The Centre is also seeking withdrawal of an oral undertaking given in November 2022 by its law officer about not pressing ahead with commercial cultivation of GM mustard.
On November 3, 2022, the top court ordered for status quo on the GEAC’s previous decision to approve GM mustard for commercial cultivation, raising concerns about the risk factors.
At a meeting on October 18, 2022, the GEAC had recommended the “environmental release” of the transgenic hybrid mustard DMH-11 for seed production and conducting field demonstration studies on its effects, if any, on honey bees and other pollinating insects.
The transgenic mustard hybrid DMH-11 has been developed by the Centre for Genetic Manipulation of Crop Plants (CGMCP) at Delhi University.
Hybridisation involves crossing two genetically dissimilar plant varieties that can even be from the same species. The first-generation (F1) offspring from such crosses tend to have higher yields than what either parent can individually give.
Such hybridisation isn’t easy in mustard, as its flowers have both female (pistil) and male (stamen) reproductive organs, making the plants largely self-pollinating. Since the eggs of one plant cannot be fertilised by the pollen grains from another, it limits the scope for developing hybrids — unlike in cotton, maize or tomato, where this can be done through simple emasculation or physical removal of anthers.
By genetic modification (GM). Scientists at Delhi University’s Centre for Genetic Manipulation of Crop Plants (CGMCP) have developed the hybrid mustard DMH-11 containing two alien genes isolated from a soil bacterium called Bacillus amyloliquefaciens.

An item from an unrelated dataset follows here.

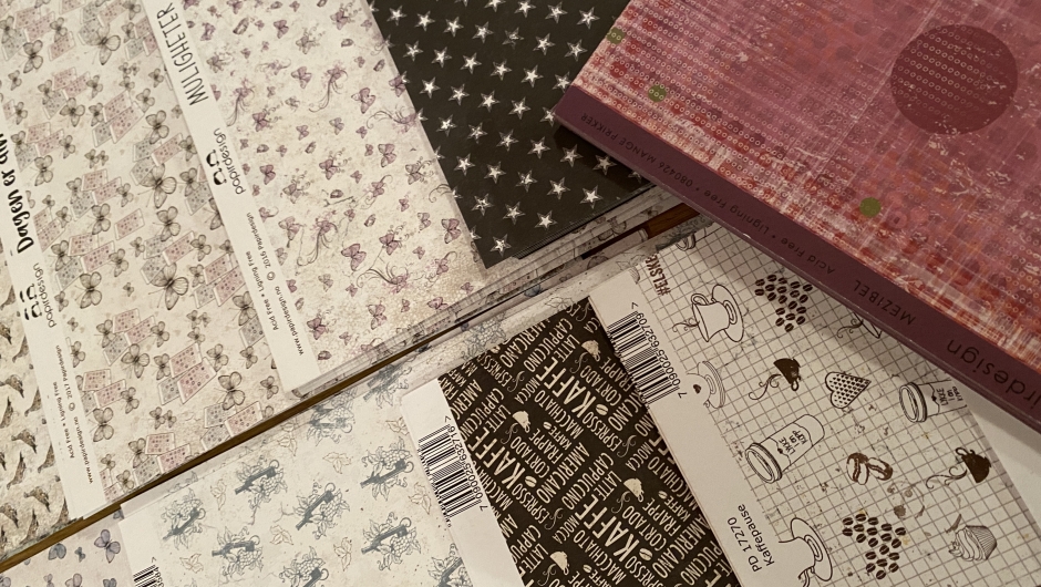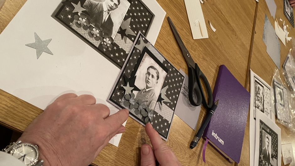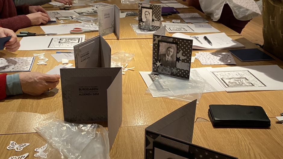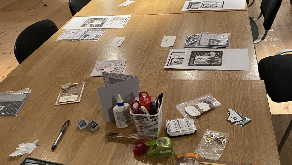 Vi kom til ferdig dekket bord, hvor deler til to kort var kuttet og samlet i hver sin pose for alle deltagerne. Etter en informativ innledning av Anne Lise Sjøberg og Grete Stærkebye, med gode tips, triks og råd om hvordan lage egne papirkort, satte vi alle i gang. Med gode instruktører, tunga rett i munnen, godt øyemål, stødige fingre og livlige samtaler og kommentarer, fikk vi alle sammen laget to kort hver. Noen av oss merket at vi hadde litt store fingre når blomster skulle monteres, sommerfugler farves og småstjernene limes, men vi hadde det alle sammen gøy. Mange benyttet anledningen til å kjøpe med litt papir for å fortsette hjemme. Vi setter nok ennå mer pris på håndlagede kort nå som vi vet hvilket arbeid det innebærer.

The first gene (‘barnase’) codes for a protein that impairs pollen production and renders the plant into which it is incorporated male-sterile. This plant is then crossed with a fertile parental line containing, in turn, the second ‘barstar’ gene that blocks the action of the barnase gene. The resultant F1 progeny is both high-yielding and also capable of producing seed/ grain, thanks to the barstar gene in the second fertile line.
The CGMCP scientists have deployed the barnase-barstar GM technology to create what they say is a robust and viable hybridisation system in mustard. This system was used to develop DMH-11 by crossing a popular Indian mustard variety ‘Varuna’ (the barnase line) with an East European ‘Early Heera-2’ mutant (barstar). DMH-11 is claimed to have shown an average 28% yield increase over Varuna in contained field trials carried out by the Indian Council of Agricultural Research (ICAR).